前九年の役・後三年の役

 平安時代初期(800年頃)、桓武天皇は領土拡大のため東北地方に遠征軍を送った。征夷大将軍は坂上田村麻呂で、坂上田村麻呂は東北地方の征服に成功した。しかしそれは微妙な成功で、蝦夷たちの想定以上の強さや朝廷の財政難などにより蝦夷を完全降伏させるには至らず、朝廷と蝦夷による和平交渉によって表面上東北を征服しだけであった。
 朝廷と蝦夷の和平交渉は「蝦夷が東北征服を受け入れれば、朝廷は蝦夷の統治をそのまま蝦夷に任せる」という内容であった。朝廷は実より名を、蝦夷は名より実を取ったのである。当時の東北は、日本なのか蝦夷地なのよくわからない状況であった。このことは「役」という言葉に表れている。「役」は外国との戦いで「乱」は国内の内乱をいうので、当時の東北は「蝦夷地といえば蝦夷地だし、日本といえば日本」という微妙な状況にあった。少なくとも当時の朝廷は前九年の役・後三年の役の相手を「異国の敵」と捉えていた。


奥六郡を支配する安倍氏
 前九年の役の舞台は奥六郡(岩手県)であった。奥六郡より北は日本の統治が及ばない蝦夷が住む地域で、奥六郡は日本と蝦夷地の緩衝地帯で、まさに日本なのか蝦夷地なのかわからない蝦夷自治区であった。
 そのような事情の中で、陸奥国には鎮守府という軍隊組織が置かれ、鎮守府将軍には武勇に優れた人物が就任した。しかし1020年頃、当時の鎮守府将軍が奥六郡に対して略奪行為を繰り返し、陸奥国の国司は困ってしまった。奥六郡を荒らされると税収は減るし、蝦夷の反乱が高まるからである。

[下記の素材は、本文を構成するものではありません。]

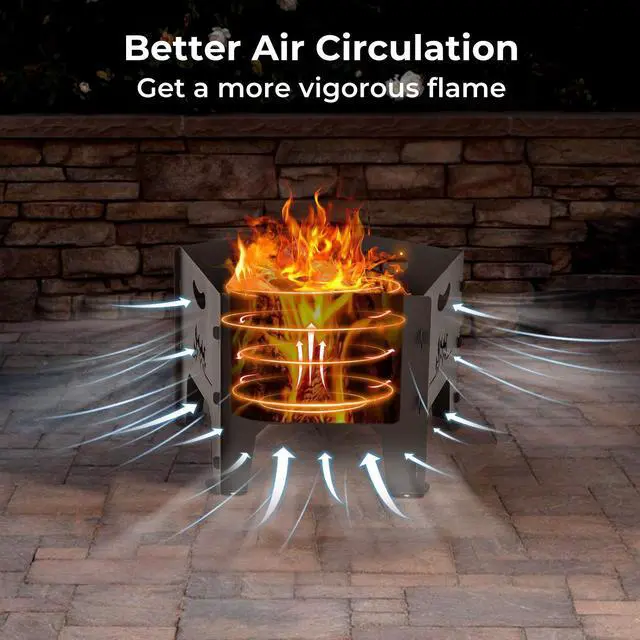 More Fuel Options: This portable fire pit accommodates different fuels, such as charcoals, firewood, pellets and more, making it suitable for various places, whether it's campsite or home.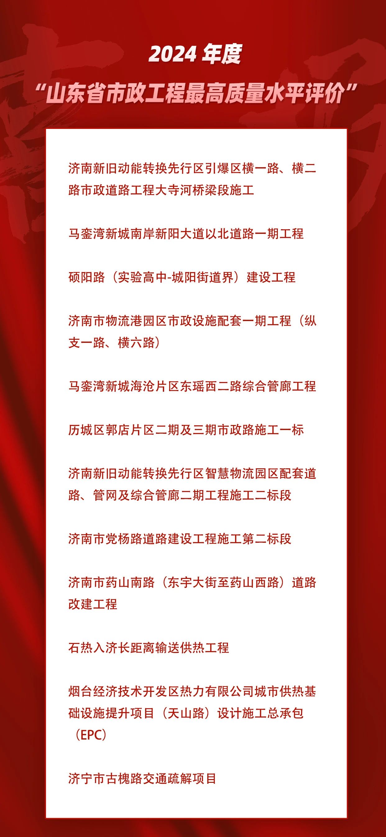m88明昇参与的12项工程获2024年度山东省市政工程最高质量水平评价

 朝廷も鎮守府将軍を置くことが東北の反乱を招くとして鎮守府将軍を任命しなかった。その後に奥六郡の統治を任されたのが、奥六郡の中でも強い力を持っていた安倍忠良で、前九年の役はその息子の安倍頼良の時代に起きた。

 息子の安倍頼良は奥六郡の統治を任されると、国の命令を全く無視するようになった。奥六郡の外側に柵を設け受領への納税も怠り、奥六郡以南の地域にまで支配地域を拡大した。当時の奥六郡はもはや安倍氏の独立国家と呼んでも過言ではなくなり、奥六郡周辺はただならぬ緊張感が漂うようになった。


陸奥守の藤原登任
 安倍頼良は奥六郡の南にも進出し、傍若無人な振る舞いを行い、陸奥守(多賀城)の藤原登任(なりとう)はそれを無視できなくなった。藤原登任は陸奥国の受領で、主な仕事は徴税だったので、納税の義務を果たさない安倍頼良へ武力闘争を行うようになる。朝廷からの追討命令があった訳ではないので、1051年に藤原登任の安倍頼良に対する出兵は何らかの個人的な事情が発端だったとされている。
 藤原登任軍と安倍頼良軍が鬼切部(宮城県鳴子町)で戦った。この鬼切部は奥六郡の南に位置していることから、安倍頼良が奥六郡を南下して支配地域を拡大していたことがわかる。
 藤原登任の軍勢は秋田の平重成(たいらのしげなり)の援軍を含め数千人で、安倍頼良軍の兵数は不明であり、どのような戦いだったのかは不明だが、鬼切部での戦は安倍頼良の圧倒的勝利に終わった。藤原登任軍は惨敗し膨大な死者を出し、藤原登任も命からがら逃げだした。鬼切部は奥六郡の南に位置しており、その地で圧倒的勝利を納めたのだから、安倍頼良の強さは相当なものだった。

源頼義の登場
 朝廷は藤原登任の大敗北を重く受け止め、陸奥守を藤原登任から源頼義(よりよし)に代え、さらに慣例を破って鎮守府将軍を兼任させ安倍氏制圧を命じた。関東地方では「平忠常の乱」が平定したばかりで、朝廷はこのような反乱に神経質になっていた。源頼義は源頼信の息子で、1028年の「平忠常の乱」の際には父・頼信と共に活躍し、その活躍から荒れた陸奥守に抜擢されたのである。
 源頼義の陸奥守就任を知った安倍頼良は、それまでの徹底抗戦の態度を突如として一変させ、源頼義に低頭平身で服従するようになった。安倍頼良は源頼義の武勇伝を知っていたので「源頼義とは戦わない方が得策」と判断したのである。こうして戦いはひとまず落ち着くことになった。
 1052年、朝廷は藤原彰子の病気快癒祈願のために恩赦を行い、安倍頼良の罪が許されることになった。恩赦とは国にとって災害や病気などの不吉なことが起きた場合、あるいは天皇即位などの際に罪人の罪を許すことで、この時は天皇の母・藤原彰子の病気祈願のための恩赦だった。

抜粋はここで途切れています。